Each factor supports entry of a default judgment against the Wenzes.
 
2. Motion to Compel and Attorney's Fees Award
In light of the recommendation of entry of default judgment, the remaining discovery issues raised in West Shore's motion to compel are moot. And given the recommendation of default, the court finds that granting West Shore's request for attorney's fees would be unjust. Should the district court decline to enter a default judgment against the Wenzes it should, in the alternative, grant West Shore's motion to compel and request for attorney's fees.
 
III. Conclusion
For the reasons stated above, the district court should grant West Shore's motion and grant a default judgment against Neil Wenz, Jacqueline Wenz, and East Coast Shower and Bath, LLC.
 
The Clerk of Court must serve a copy of this Memorandum and Recommendation (“M&R”) on each party who has appeared in this action. Any party may file a written objection to the M&R within 14 days from the date the Clerk serves it on them. The objection must specifically note the portion of the M&R that the party objects to and the reasons for their objection. Any other party may respond to the objection within 14 days from the date the objecting party serves it on them. The district judge will review the objection and make their own determination about the matter that is the subject of the objection.

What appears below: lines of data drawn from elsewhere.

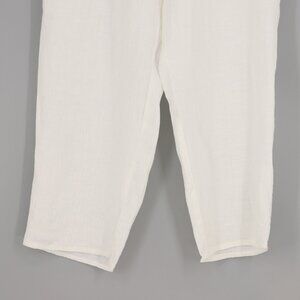 FLAX Two Piece 100% Linen Button Front Top (M) & Pull-On Pant (L) Off-White Ecru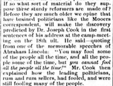Only a few days have passed, and the phrase in his speech repeated another New York state prohibitionist activist, William Grew, but without referring to Lincoln. The following year, this phrase, again with reference to the 16th President of the United States, was quoted more V two prohibitionist publications in different contexts. And since 1887, citation became popular and out of connection with the described topics. It should be noted that representatives Prohibition Party in the 1880s they were an influential political force - their candidates came third in the presidential elections, so the maxims expressed by the prohibitionists could well have gone among the people, especially if they were attributed to Lincoln himself.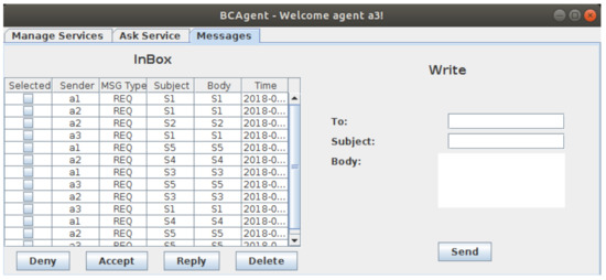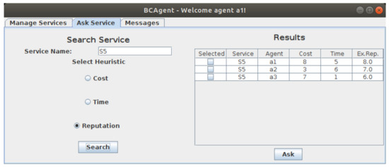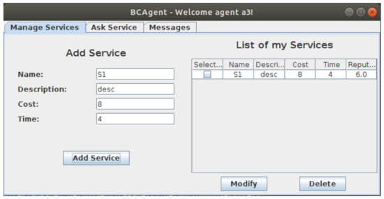 Figure 6 shows the interface that enables adding and modifying the services offered by a given agent. To require a service execution, we provide the interface depicted in Figure 7. A pre-filtering and sorting can be applied by selecting the optional features (e.g., cost, time, and reputation). Finally, an interface developed to accept or reject requests, to communicate with other agents, and negotiate the interface to compose and manage the messages is shown in Figure 8.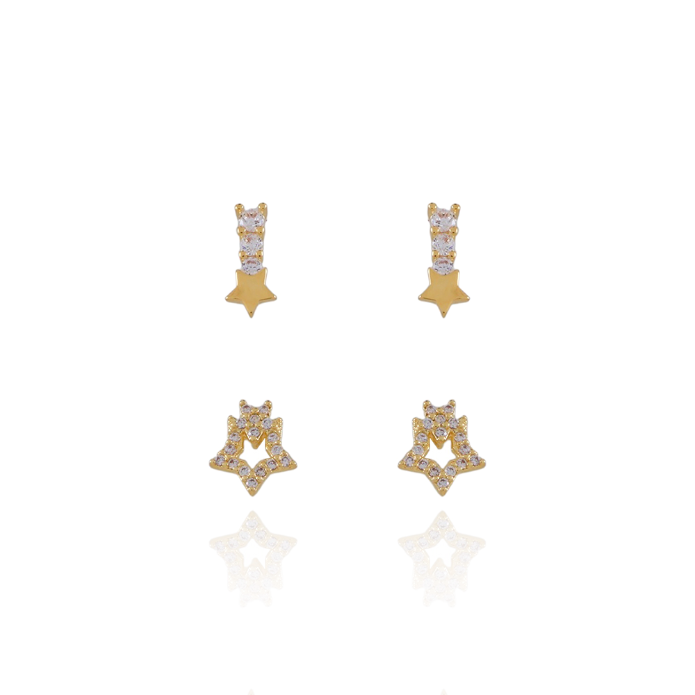 Encante-se com esse brinco!Este lindo brinco DUPLOS DE ESTRELAS CRAVEJADOS DE ZIRCÔNIAS CRISTAIS é feito com LATÃO BANHADO A OURO 18K de alta qualidade.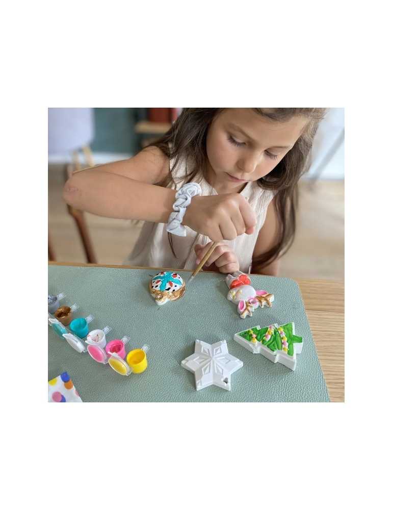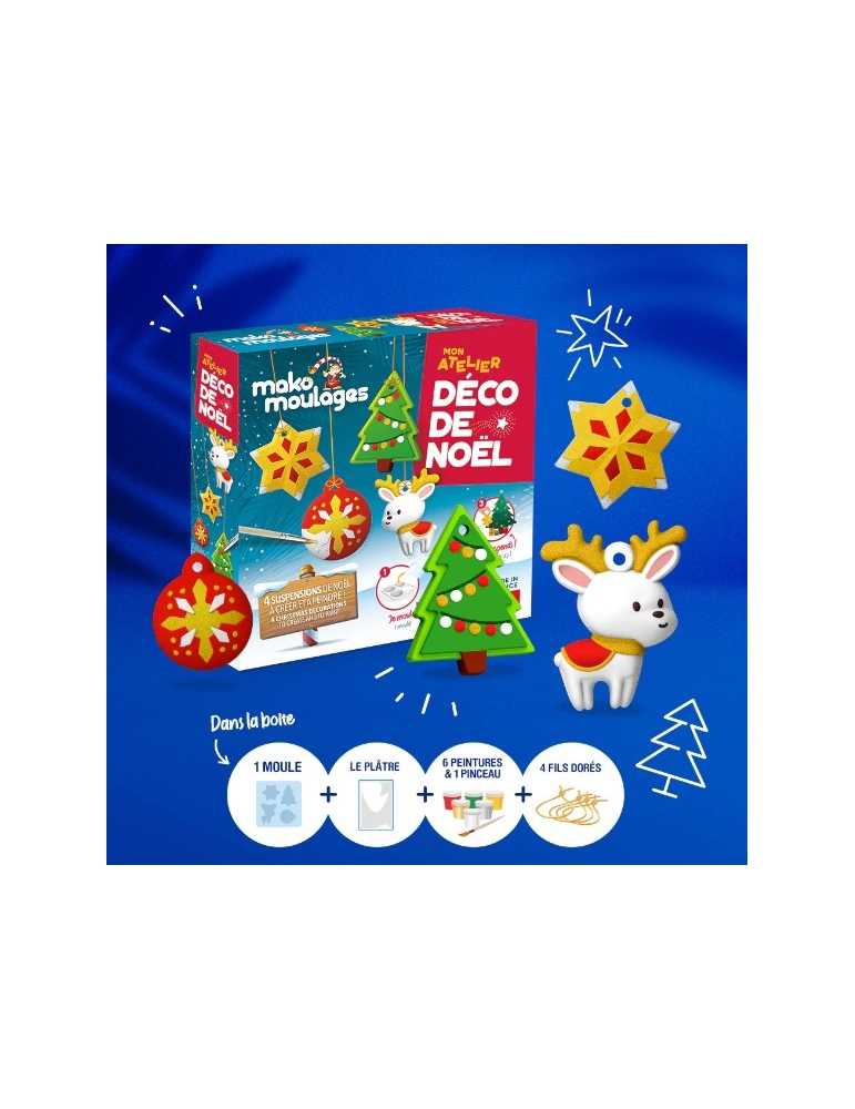 Cet atelier créatif mako déco de Noël contient 4 formes décorative adorables sur la thématique de Noël: un joli sapin, une étoile, une boule de noël et un renne trop mignon. On les peint avec les peintures de fête nacrées, dorées et argentées, avant de les suspendre grâce aux fils dorés inclus ! Grande joie de participer à la décoration de la maison en cette période de fêtes familiales !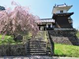 | 31城目 岩村駅から歩いて登城しました。 城下町はとても良い雰囲気で、町ぐるみでお城を守っているような感じです。 スタンプ設置場所の歴史資料館は藩主邸の跡地にあり、再建された表御門や太鼓櫓が出迎えてくれます。 日本三大山城と言われるだけあり結構登りますが、六段石垣やちょうど見頃の桜など見所が沢山あり、じっくり見ながら歩いていたら駅から本丸まで二時間かかりました。 本丸の音声案内は100円を入れたらいきなり大音響のスピーカーから流れてきてびっくりしましたが、女城主の悲話など、色々興味深いものでした。 |
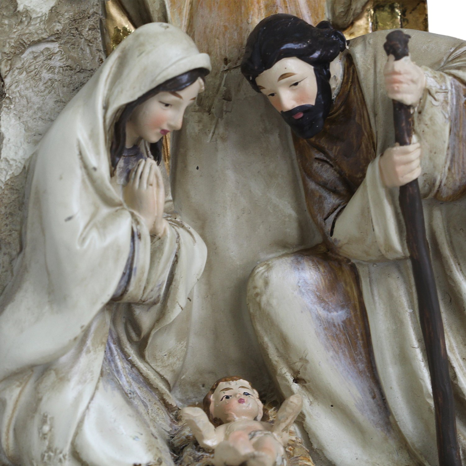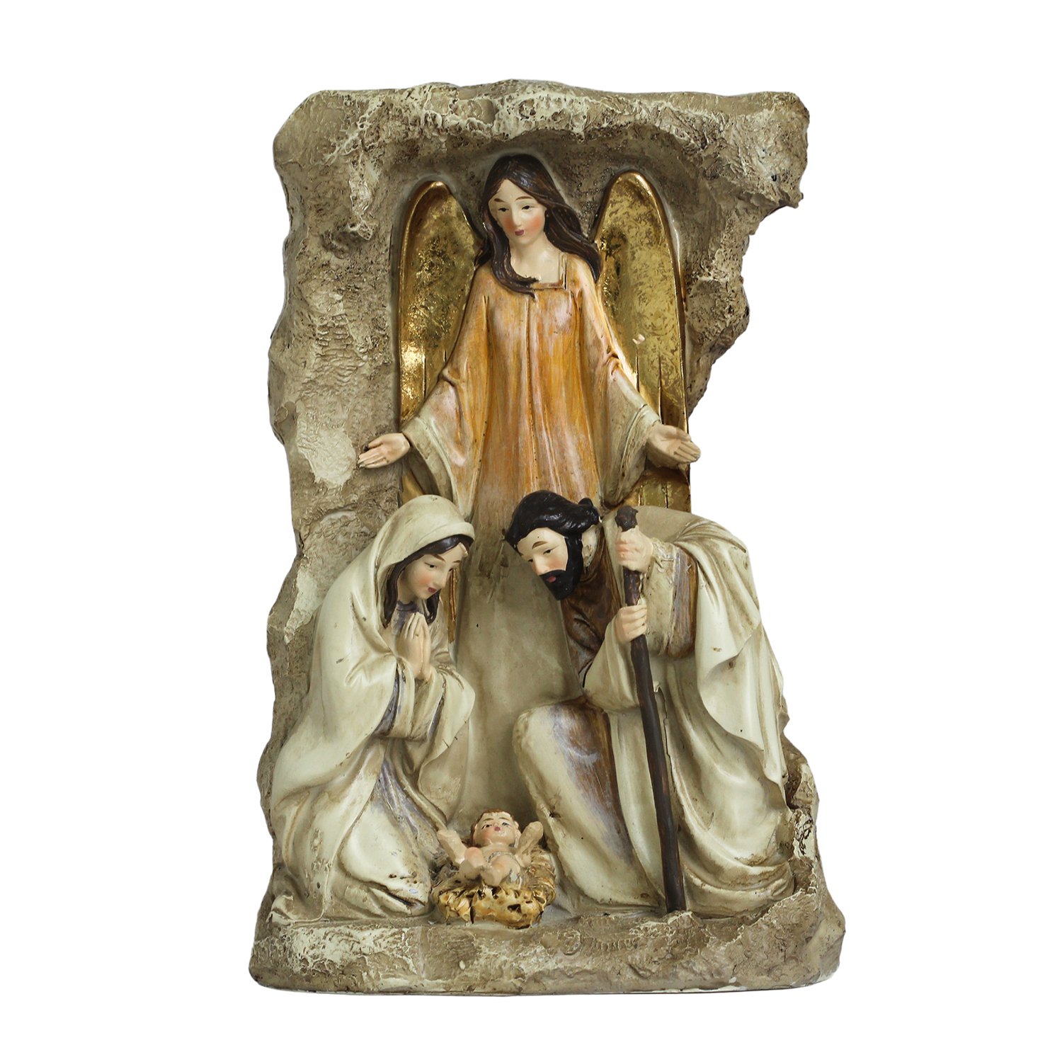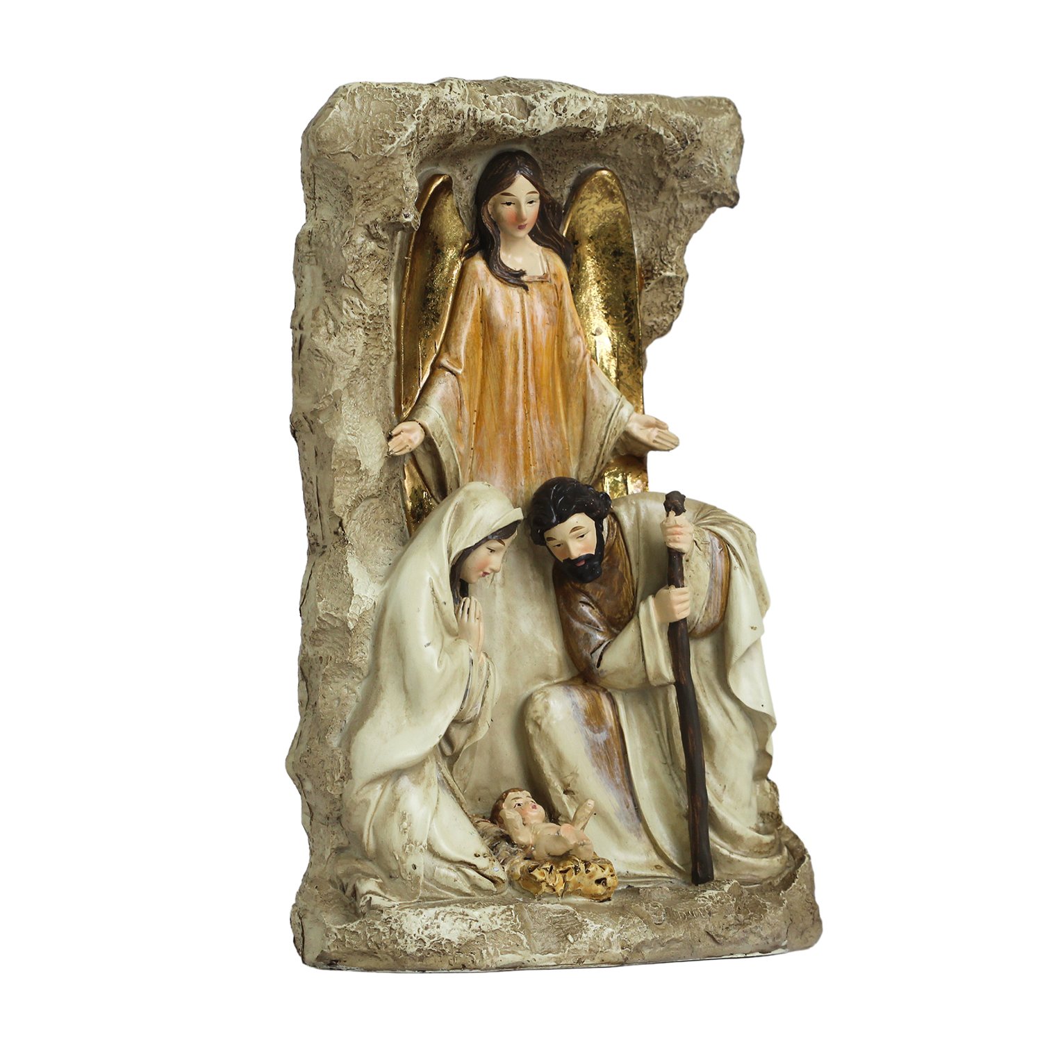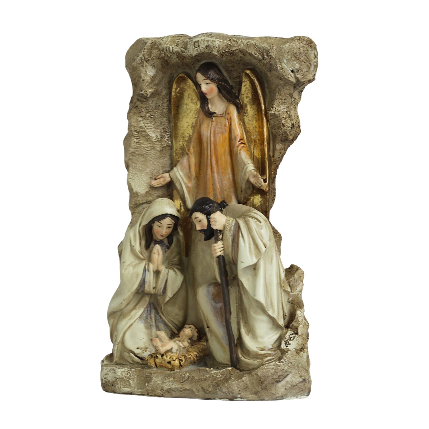 Presépio de Resina Importada Sagrada Família com Anjo em Pé

If a party does not file a timely written objection, the party will have forfeited their ability to have the M&R (or a later decision based on the M&R) reviewed by the Court of Appeals.

Footnotes
Interrogatory #2 asked them to “[i]dentify all email accounts ... used to conduct ECSB business at any time between September 4, 2020 and the present.” ECSB's Resp. to Pl.'s Interrog. No. 2, D.E. 65-7 at 3.